Surrounded by the cheerleaders of an insane system, Gadhafi lived his revolutionary dream to the hilt. In his tent in Tripoli he would roll in mirth looking at the way his revolution was playing out.

He donned flashy, outlandish clothes and comic headgear and hosted fawning allies in tents. On every possible public occasion he launched verbose, often acerbic, attacks on colonialists of the West. He heaped scorn on the Arab neighbors, and his incendiary outbursts at enemies closer to home made for outrageous spectacles at regional forums.

Cold sweat must have broken on the foreheads of many dictators in the region when they watched the gruesome footage of a man being killed like an alley rat. Gadhafi is not alone, the region's soil has been quite fertile for tyrants of all hues.

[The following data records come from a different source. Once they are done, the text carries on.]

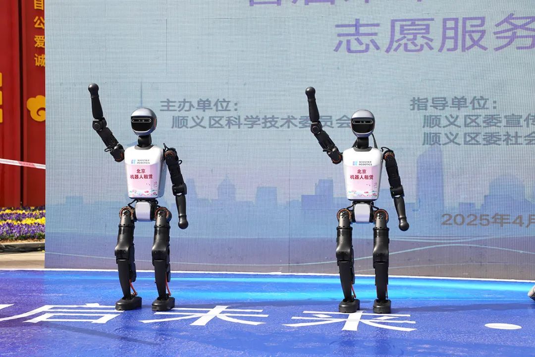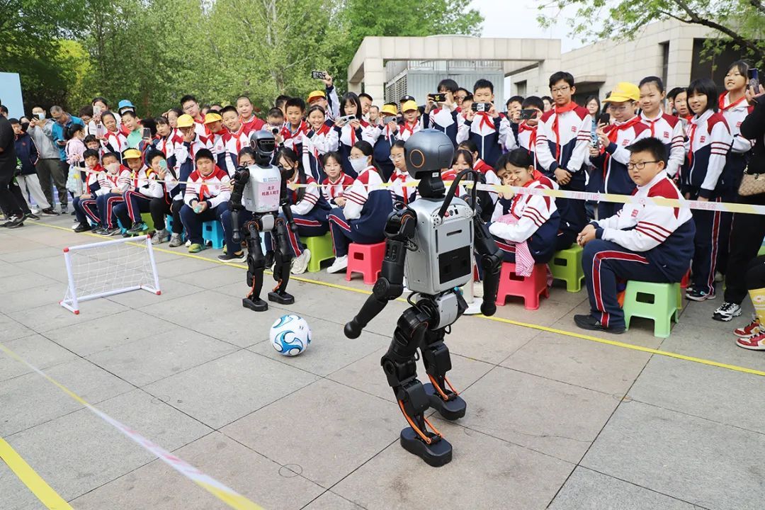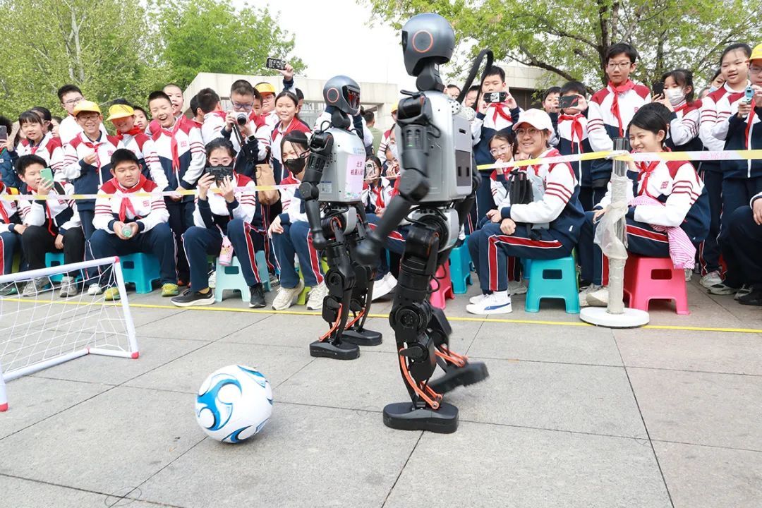来自北京加速进化科技有限公司的Booster T1人形机器人率先亮相。这款在刚刚闭幕的中关村论坛上大放异彩的机器人,不仅展现了舞蹈和俯卧撑技能,还与同伴,为在场市民带来一场“双人足球赛”,充分展现出这款人形机器人的运动控制与协同作业能力。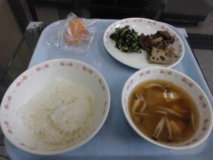 ごはん 牛肉とれんこんの煮つけ だいこん葉とじゃこのいためもの 秋の恵みのみそ汁 柿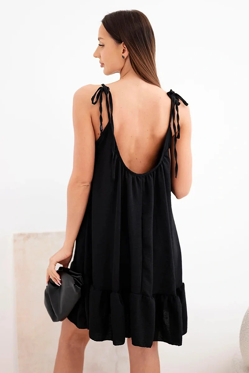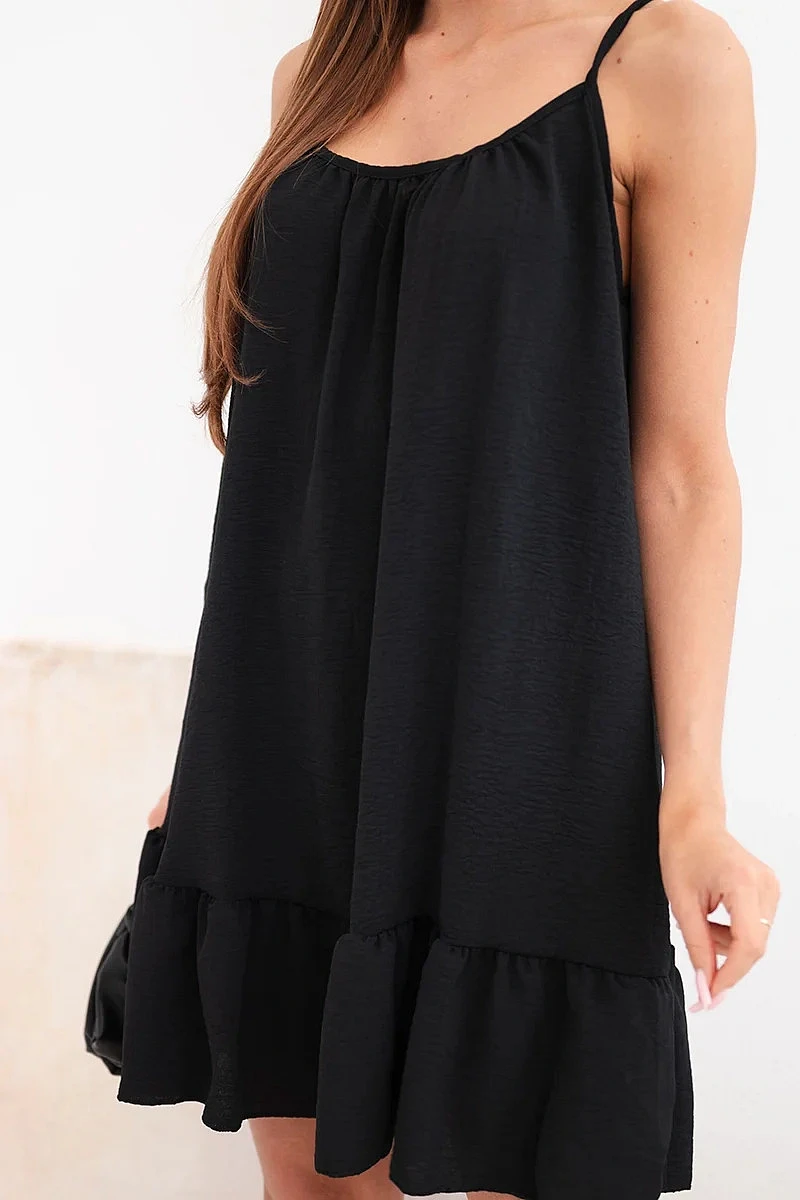 Dámské viskózové šaty na ramínka s volánem a zavazováním černá

A leader of Libyan National Transitional Council (NTC) said Gadhafi deserved the violent death. Maybe he does deserve a dose of jungle justice which he perpetrated shamelessly over the years on his people. But the region is replete with closets full of ugly skeletons waiting to tumble. And the tremor has started.

The corpse in the cold storage is yet to prove its eventual worth. Will there be mourners for him? Perhaps some in the hinterlands of Sirte would say a hushed prayer for the dictator who had the bloody end.

And possibly he would become a subject matter in teary eyed sororities and treated as a legend by his loyal fighters in their tipsy sunset years.

For sure, for the incorrigible megalomaniac, the wretched death was the biggest surprise of his life. Flashing a golden pistol, he uttered his epitaph, Don't shoot, don't shoot, before being brutalised by a vengeful mob.